Crispin, a boy genius and completely evil, is a very original villain. Although intelligent his plan to make people docile by turning them into television characters is just the kind of idea that a 12 year old would come up with. It also explains why the cults giant submarine is named ‘Gargantuan’.
When designing a villain it can be useful to think ‘What does he want?’ and ‘How will he get it?’ Who the villain is and their background will inform their decisions and so changing these factors are the best way to come up with a unique plot.
What would an up-lifted super intelligent dog want? Would it want to enslave the inhabitants of a planet so it is ‘top dog’? Would it declare war on a race of humanoid cats? Does it want to excavate dinosaur bones?
If the spoiled 16 year old girl of a galactic emperor was given a planet to rule for her birthday what would she do with it? Would she make them worship her like a god? Would she torture them just because she could? Would she transform it into a war world and launch a military strike against her father?
The red glass the Friars of Pangloss are so desperate to retrieve from the Doctor is revealed to be exactly what it appears, red glass. It was the Friars who gave it its mystique, making their servants fear it.
In the rational, scientific universe of Doctor Who it is relief that some powerful artefacts are actually completely ordinary. It does prove that sometimes an items power is directly related to the belief placed in it.

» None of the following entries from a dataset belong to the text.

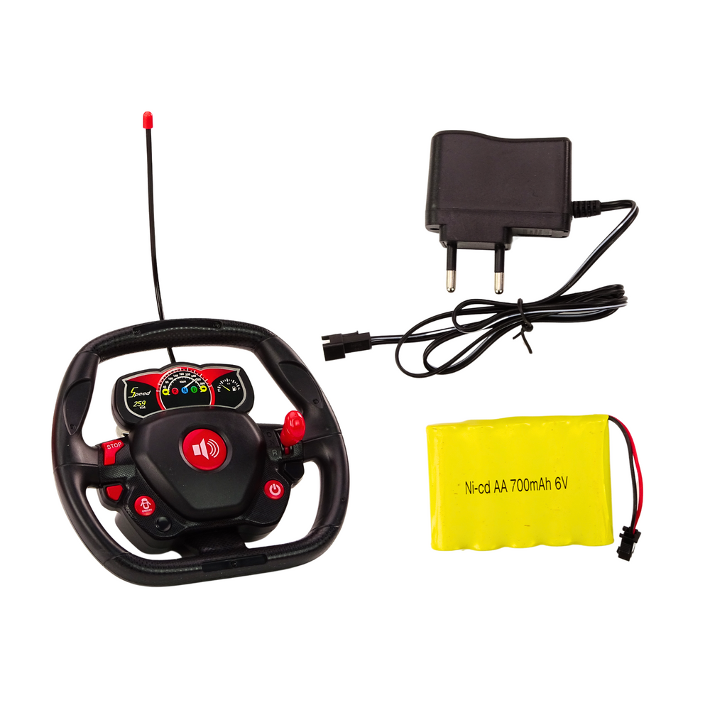 automobilového nadšenca. Diaľkové ovládanie je v tvare volantu s frekvenciou 27
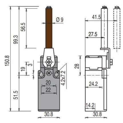 FF 4501-2DN teekonnalüliti; 1NO+1NC; plastkorpus; fast action; 2m juhtmega
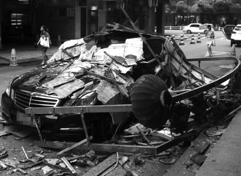 10平方米广告牌突然掉下 砸中停在下面的奔驰车
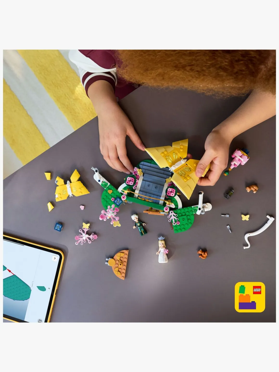 Når legen er slut, kan børn lukke Wicked-gaven ved at trække sommerfuglene sammen, og udstille det iøjnefaldende sæt på værelset. Byggelegetøjet kan bruges sammen med andre LEGO Wicked sæt, så eventyrene fra filmen aldrig slutter. Indeholder 476 elementer.
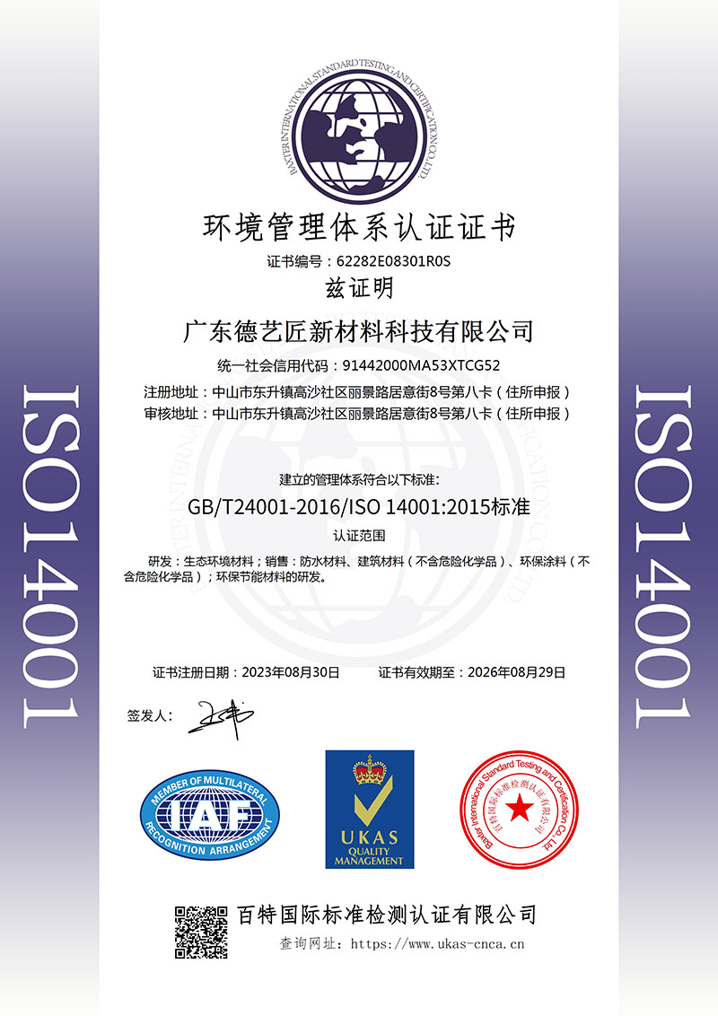 环境管理体系认证证书
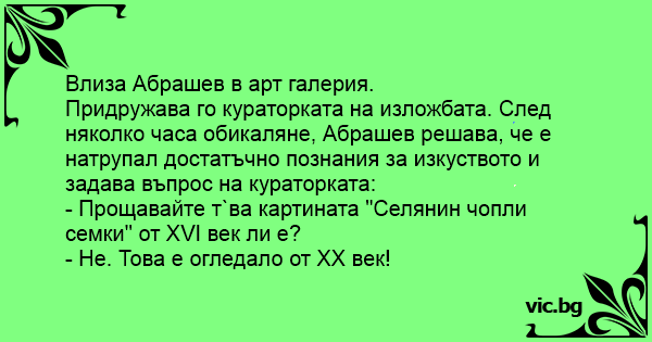 Придружава го кураторката на изложбата. След няколко часа обикаляне, Абрашев решава, че е натрупал достатъчно познания за изкуството и задава въпрос на кураторката:
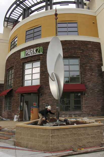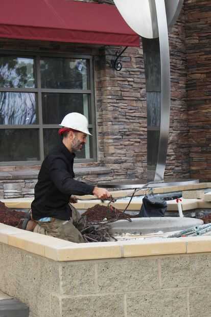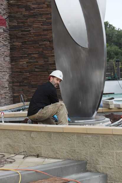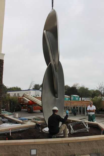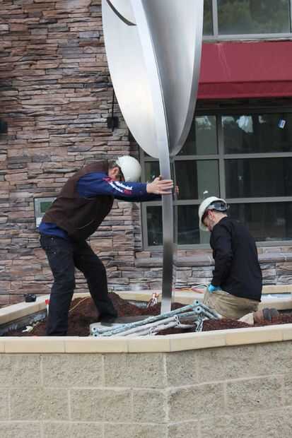 La base de concreto reforzado con acero fue vertido un mes antes de instalar la escultura. Normalmente, echarían pernos de anclaje en el hormigón usando un patrón de la placa base de la escultura. En este caso, me decidí a localizar la pieza en sitio por lo que pude afinar la orientación. Hemos creado la escultura en el pie y dejar una cantidad significativa de peso en la grúa, registrado la pieza hasta la orientación deseada. Por cierto, es mi amigo y colega, Wayne Shaffer, ayudando en la segunda foto. No tengo ni idea que el caucho necker está en la foto #3. En la perforación.
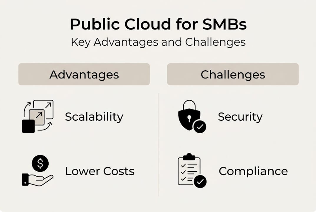But the risks are equally real. Public cloud is ideal for SMBs needing scalability without CapEx, but you must actively manage security configuration, compliance, and costs.
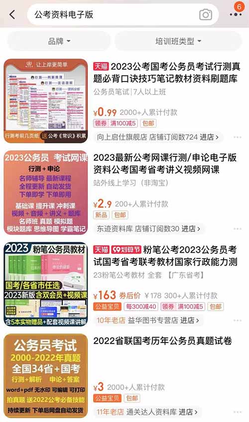 我们要卖公务员考试资料,自然就得有产品,这个简单,直接淘宝上或者拼多多上一搜一大把,最多9.9就搞定。
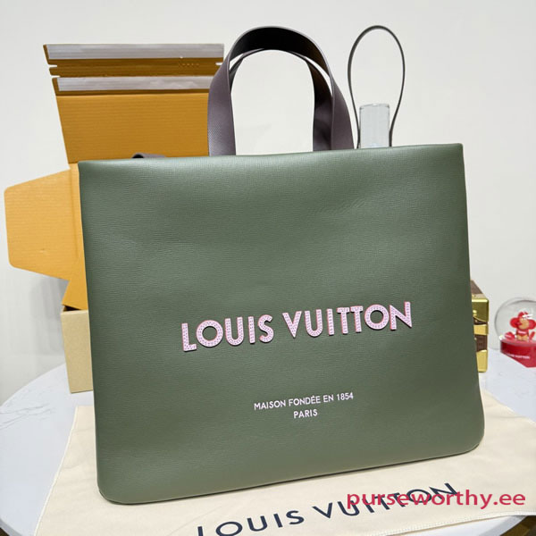 Part of the LV Packaging line, which elevates everyday objects into luxurious pieces, this Shopper Tote reimagines the House’s shopping bag in cowhide leather. Adorned with an embroidered signature on the front and back, this carry-all features tone-on-tone lining and numerous interior pockets. A removable shoulder strap provides carry options.
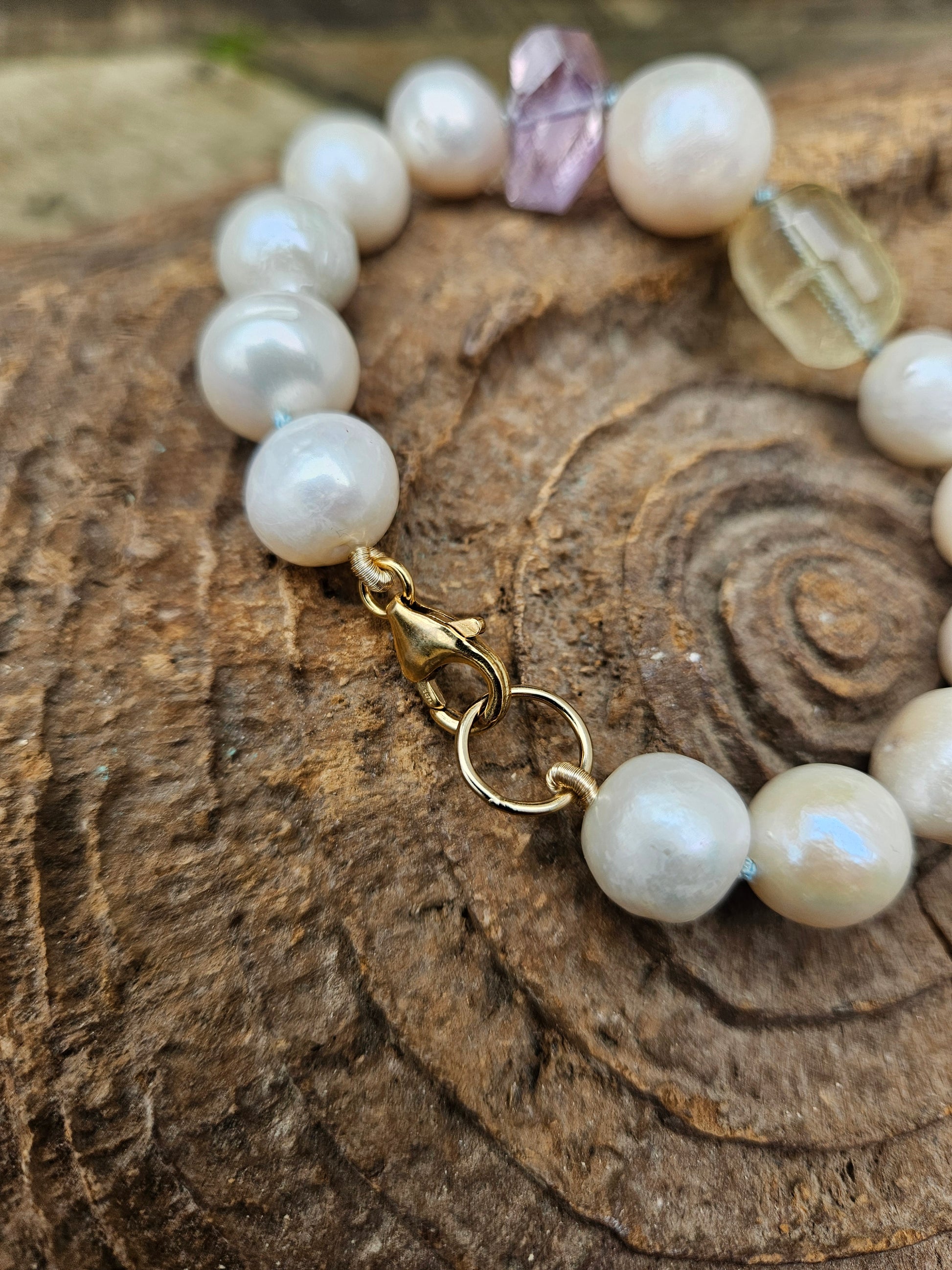 Pearl, Amethyst and Lemon Quartz Bracelet
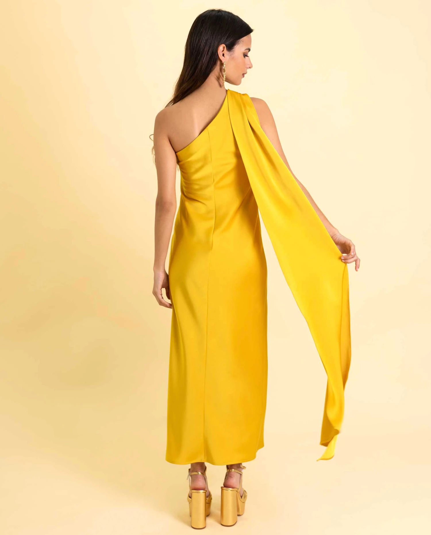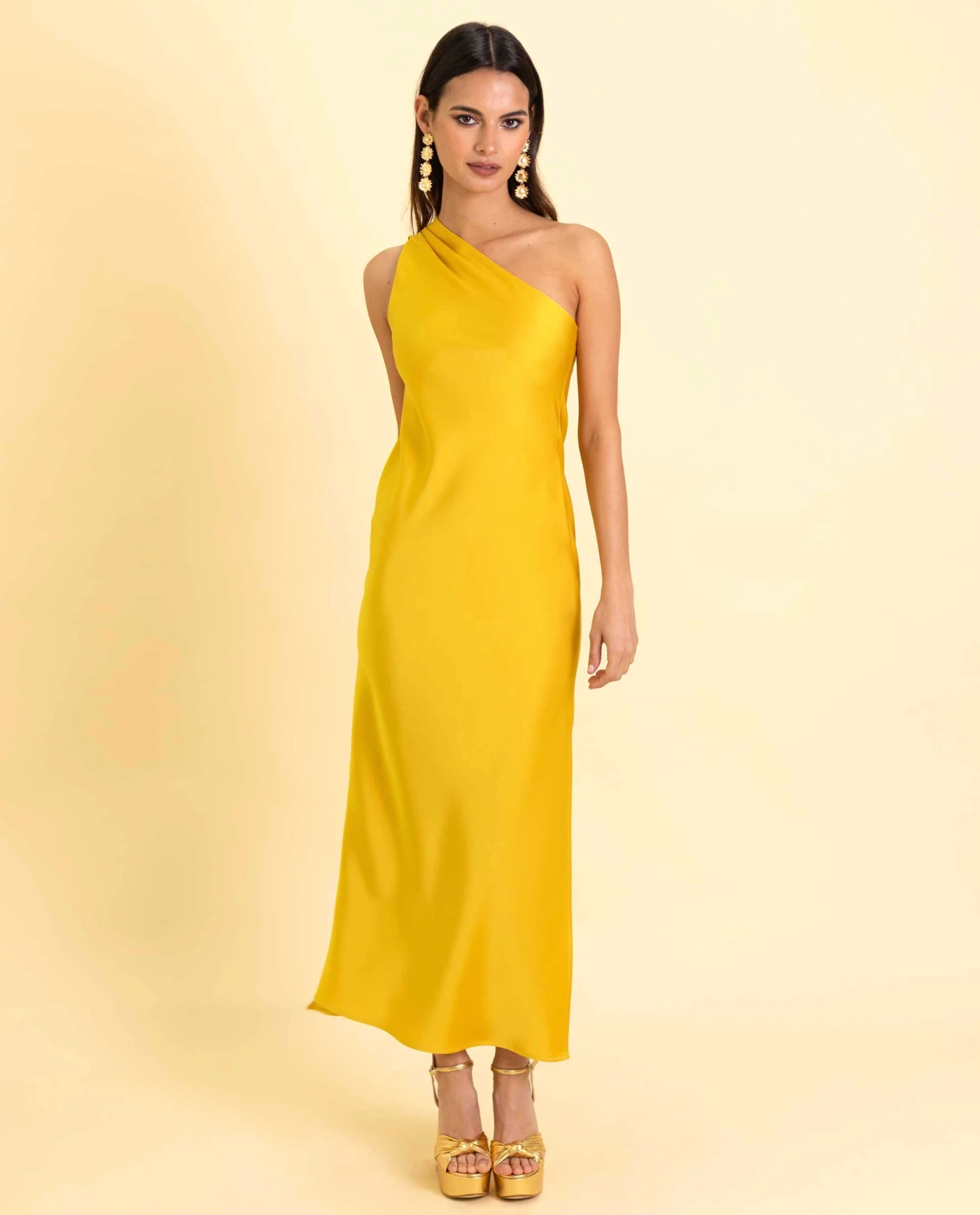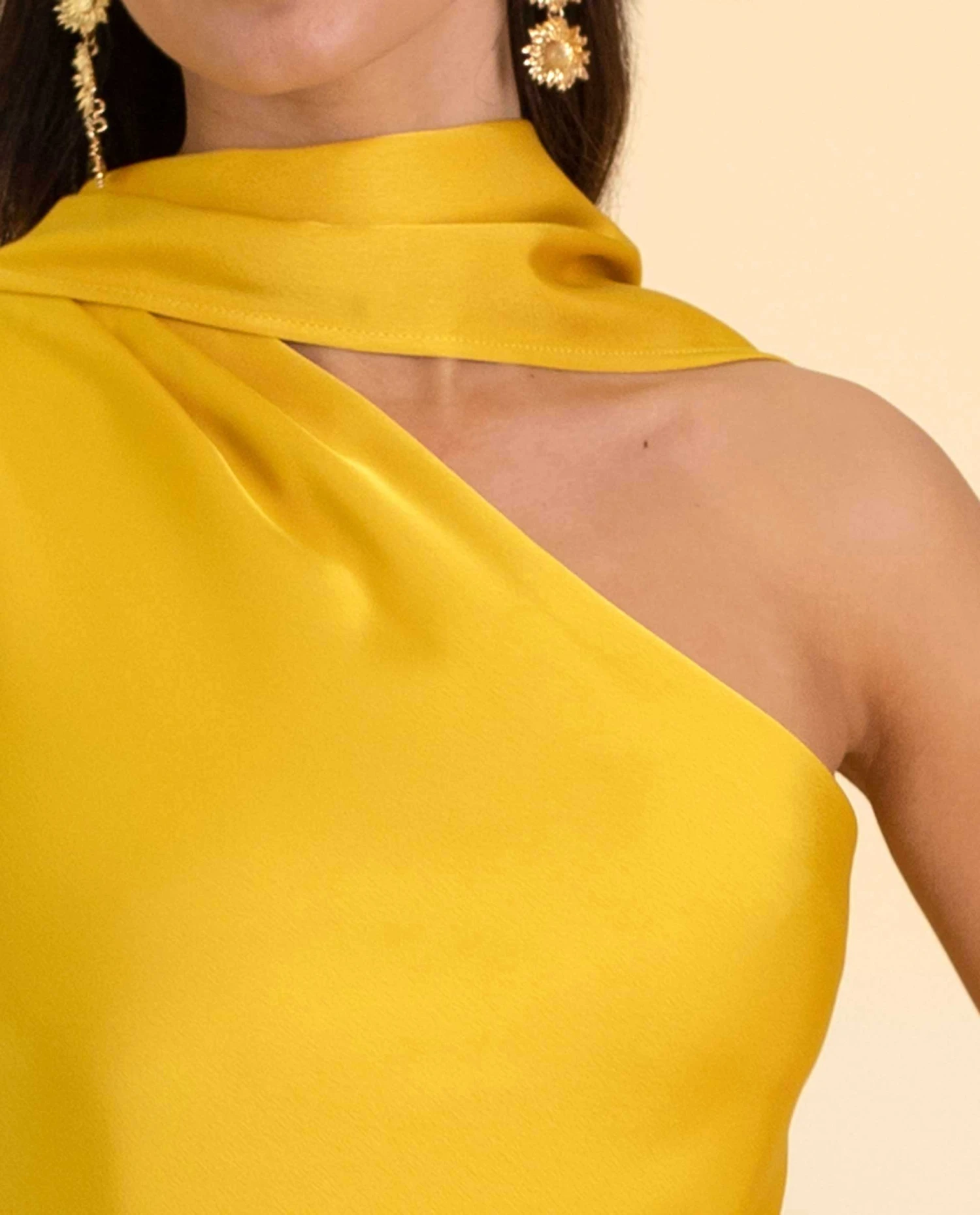 Vestido midi amarillo asimétrico con lazada al cuello.[readmore]Este vestido amarillo midi será la pieza perfecta para cualquier invitada que busque un look elegante y sofisticado. Diseñado para que una vez te lo pruebes te sientas espectacular! Confeccionado en un suave tejido satinado amarillo, un color súper favorecedor y perfecto para el buen tiempo. Con su escote asimétrico drapeado y el cuello alto con una elegante lazada, este vestido amarillo es sinónimo de elegancia. El efecto chal de invitada añade un toque original y tendencia al look. Elígelo ahora y prueba a combinarlo con accesorios en dorado, es el match perfecto!❤️

This is a neat twist for adventures based around the pursuit of an artefact. It can serve as an ironic twist if the villains are able to obtain it before the player characters, only to find that it is useless.
This could also put the player characters in a difficult situation if they were relying on the artefact being able to do what it was supposed to or they were expected to give it to someone else who won’t be happy if it doesn’t do what it says.